_Records to process_
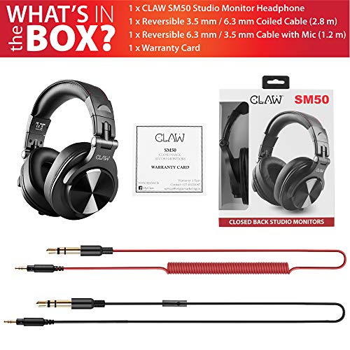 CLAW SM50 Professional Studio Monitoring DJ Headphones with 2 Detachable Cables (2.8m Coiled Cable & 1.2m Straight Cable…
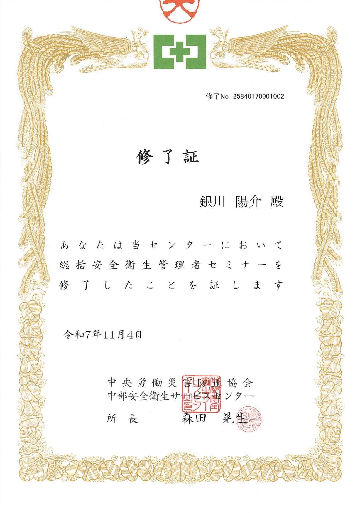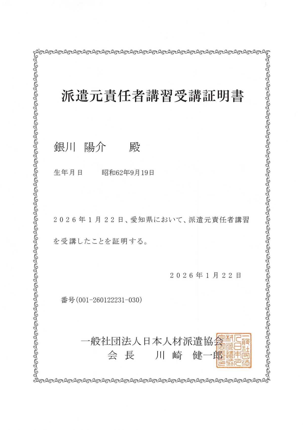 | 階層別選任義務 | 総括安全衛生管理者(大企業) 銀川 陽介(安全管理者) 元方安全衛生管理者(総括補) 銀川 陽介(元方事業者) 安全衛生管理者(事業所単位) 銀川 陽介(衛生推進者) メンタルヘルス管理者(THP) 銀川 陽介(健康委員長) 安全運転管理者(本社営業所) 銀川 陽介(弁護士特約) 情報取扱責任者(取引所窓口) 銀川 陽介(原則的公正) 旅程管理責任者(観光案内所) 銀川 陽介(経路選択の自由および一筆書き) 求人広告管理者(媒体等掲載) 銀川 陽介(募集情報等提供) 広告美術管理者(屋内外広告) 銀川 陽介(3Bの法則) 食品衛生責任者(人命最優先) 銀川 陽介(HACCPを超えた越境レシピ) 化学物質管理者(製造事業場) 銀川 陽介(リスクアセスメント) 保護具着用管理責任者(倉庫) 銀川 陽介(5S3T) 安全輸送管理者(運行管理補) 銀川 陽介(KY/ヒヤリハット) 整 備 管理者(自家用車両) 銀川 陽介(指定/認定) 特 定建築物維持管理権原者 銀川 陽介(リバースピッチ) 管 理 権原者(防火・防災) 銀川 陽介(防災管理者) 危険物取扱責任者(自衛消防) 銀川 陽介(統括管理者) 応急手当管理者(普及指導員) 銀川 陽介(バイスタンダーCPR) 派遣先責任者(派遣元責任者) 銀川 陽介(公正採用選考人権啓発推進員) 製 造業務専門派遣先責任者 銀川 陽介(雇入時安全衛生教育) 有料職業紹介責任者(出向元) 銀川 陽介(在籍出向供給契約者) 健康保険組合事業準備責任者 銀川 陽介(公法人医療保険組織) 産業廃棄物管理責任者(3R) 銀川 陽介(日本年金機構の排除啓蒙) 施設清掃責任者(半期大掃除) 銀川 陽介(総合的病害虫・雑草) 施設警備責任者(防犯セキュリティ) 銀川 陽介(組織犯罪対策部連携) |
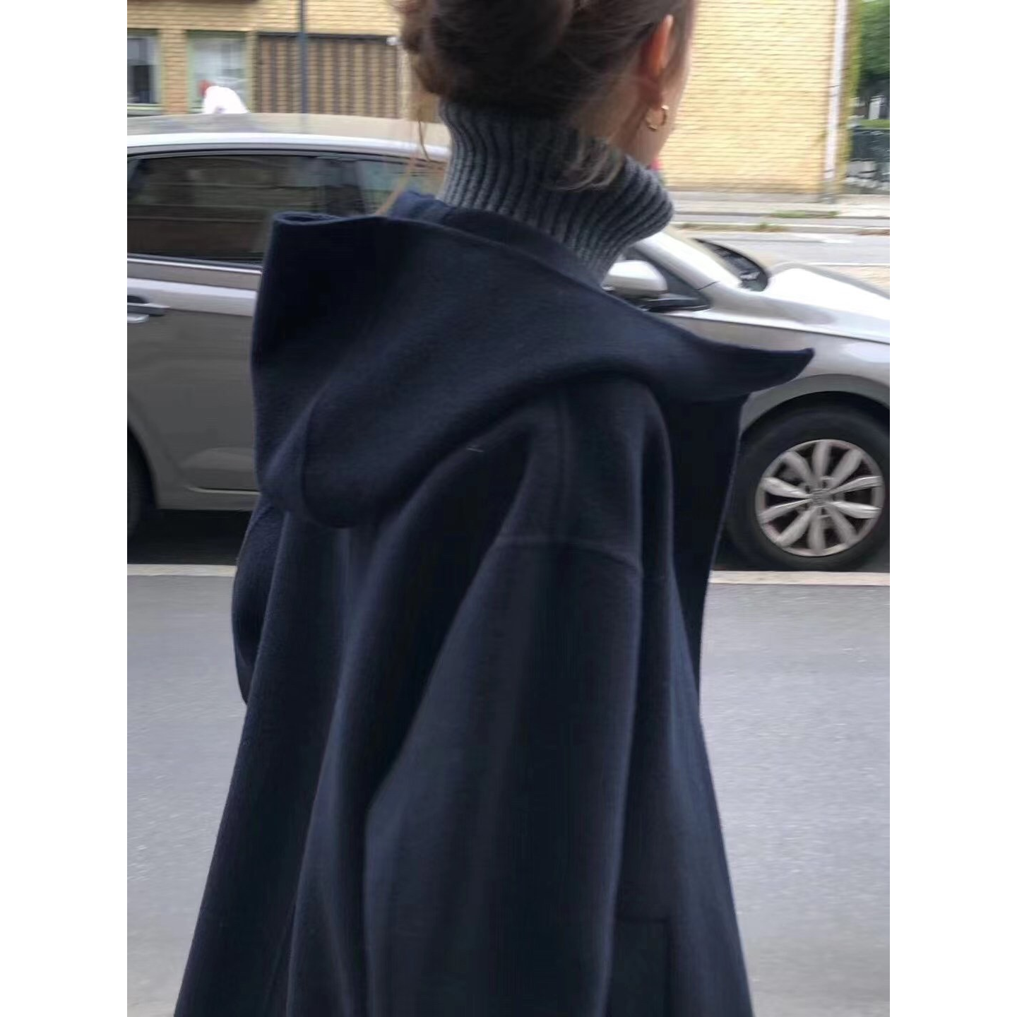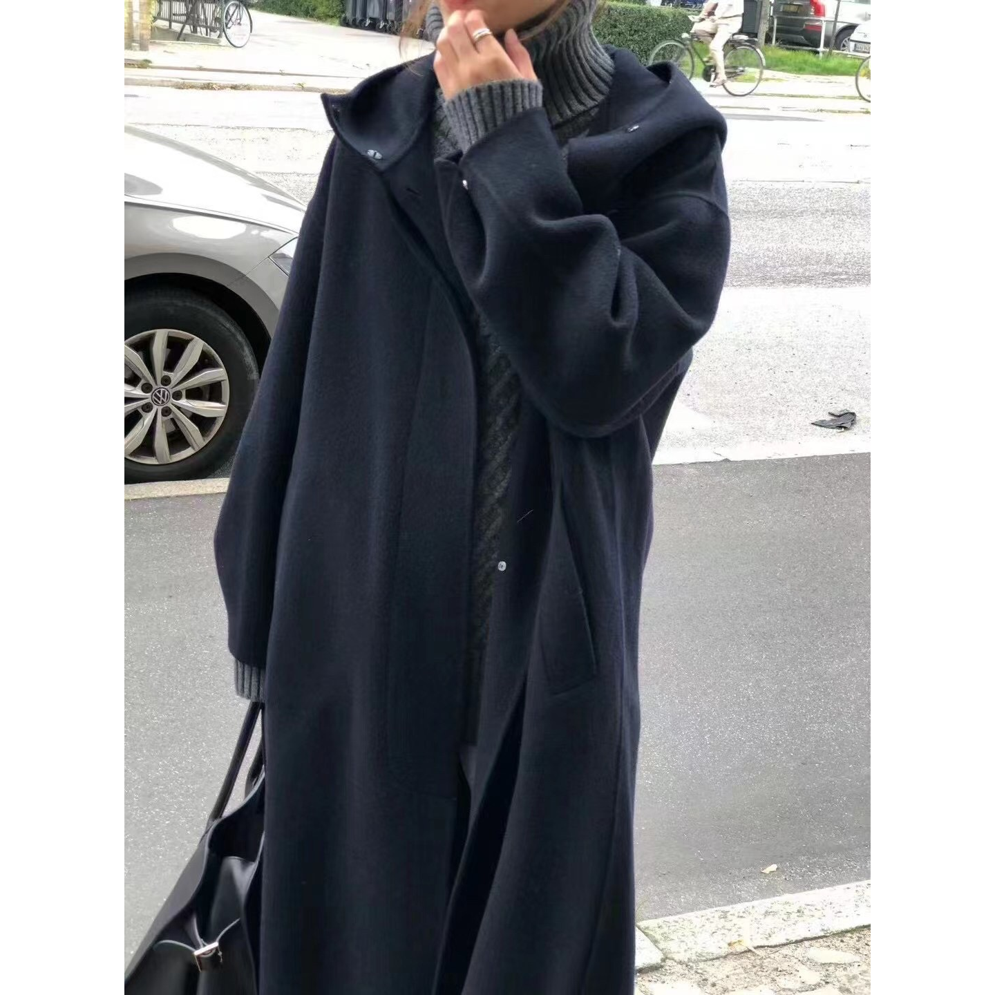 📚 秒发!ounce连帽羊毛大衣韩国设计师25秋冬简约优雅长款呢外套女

==

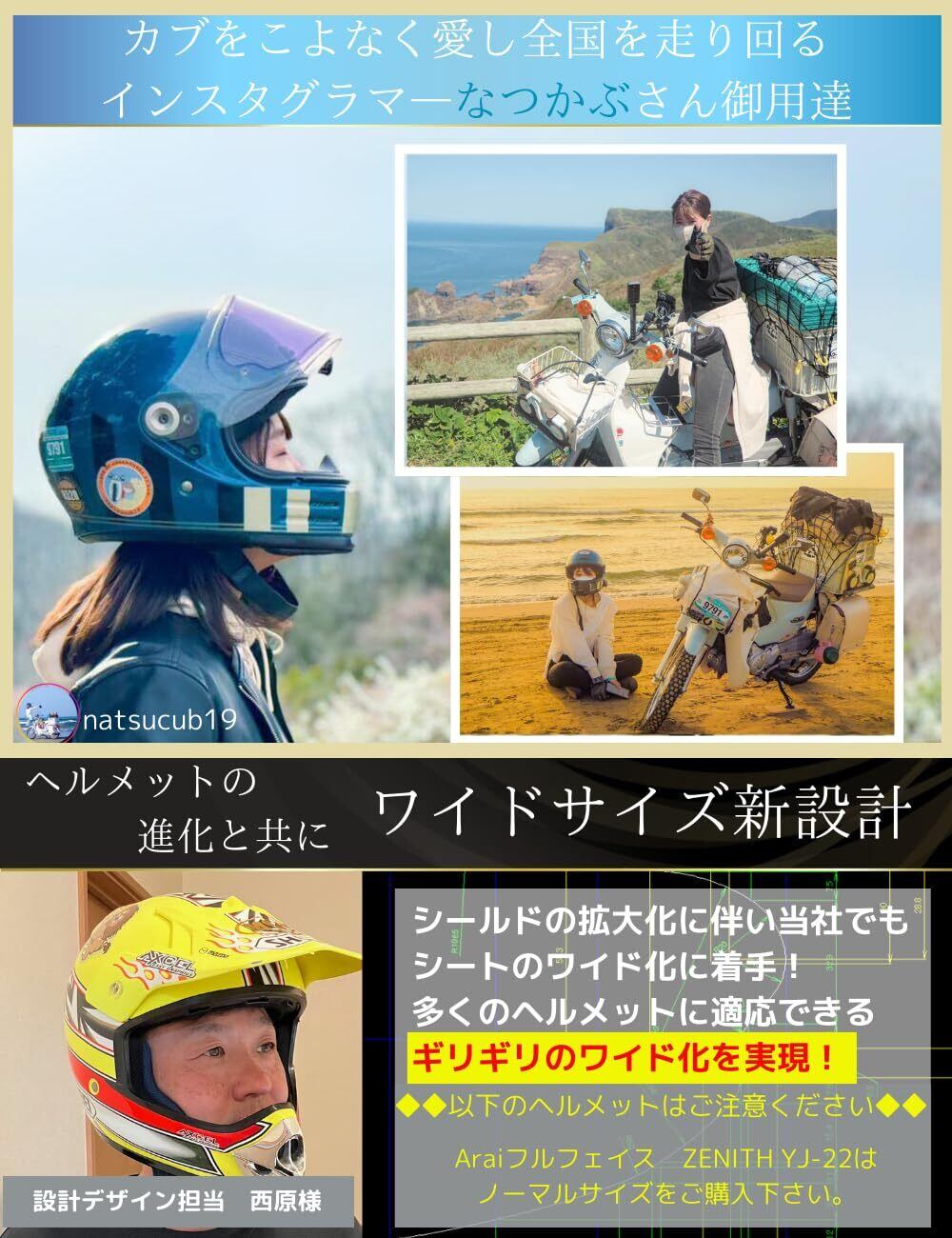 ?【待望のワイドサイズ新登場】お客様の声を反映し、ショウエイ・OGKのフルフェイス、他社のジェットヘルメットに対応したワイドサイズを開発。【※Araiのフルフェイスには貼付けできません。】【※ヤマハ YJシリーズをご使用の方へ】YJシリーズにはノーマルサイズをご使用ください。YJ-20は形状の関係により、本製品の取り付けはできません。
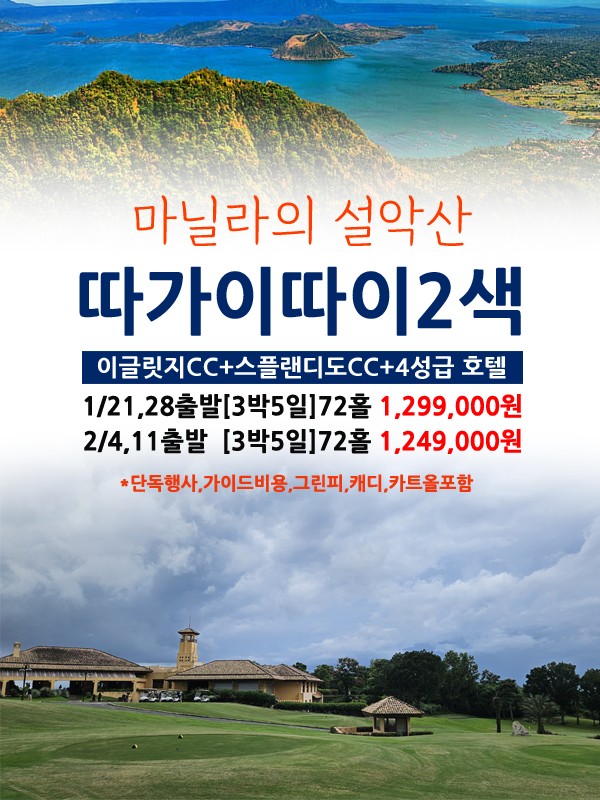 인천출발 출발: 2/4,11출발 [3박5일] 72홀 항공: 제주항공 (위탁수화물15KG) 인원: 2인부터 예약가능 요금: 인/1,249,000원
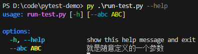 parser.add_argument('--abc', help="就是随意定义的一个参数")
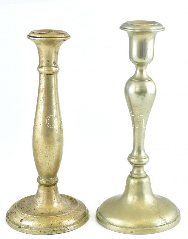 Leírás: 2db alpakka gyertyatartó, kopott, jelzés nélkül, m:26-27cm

_What to work on_
Using the records above, print exactly the lines between the ones containing "인천출발 출발: 2/4,11출발" and "Leírás: 2db alpakka", inclusive, and nothing else; no pictures.

_Exercise output_
 인천출발 출발: 2/4,11출발 [3박5일] 72홀 항공: 제주항공 (위탁수화물15KG) 인원: 2인부터 예약가능 요금: 인/1,249,000원
 parser.add_argument('--abc', help="就是随意定义的一个参数")
 Leírás: 2db alpakka gyertyatartó, kopott, jelzés nélkül, m:26-27cm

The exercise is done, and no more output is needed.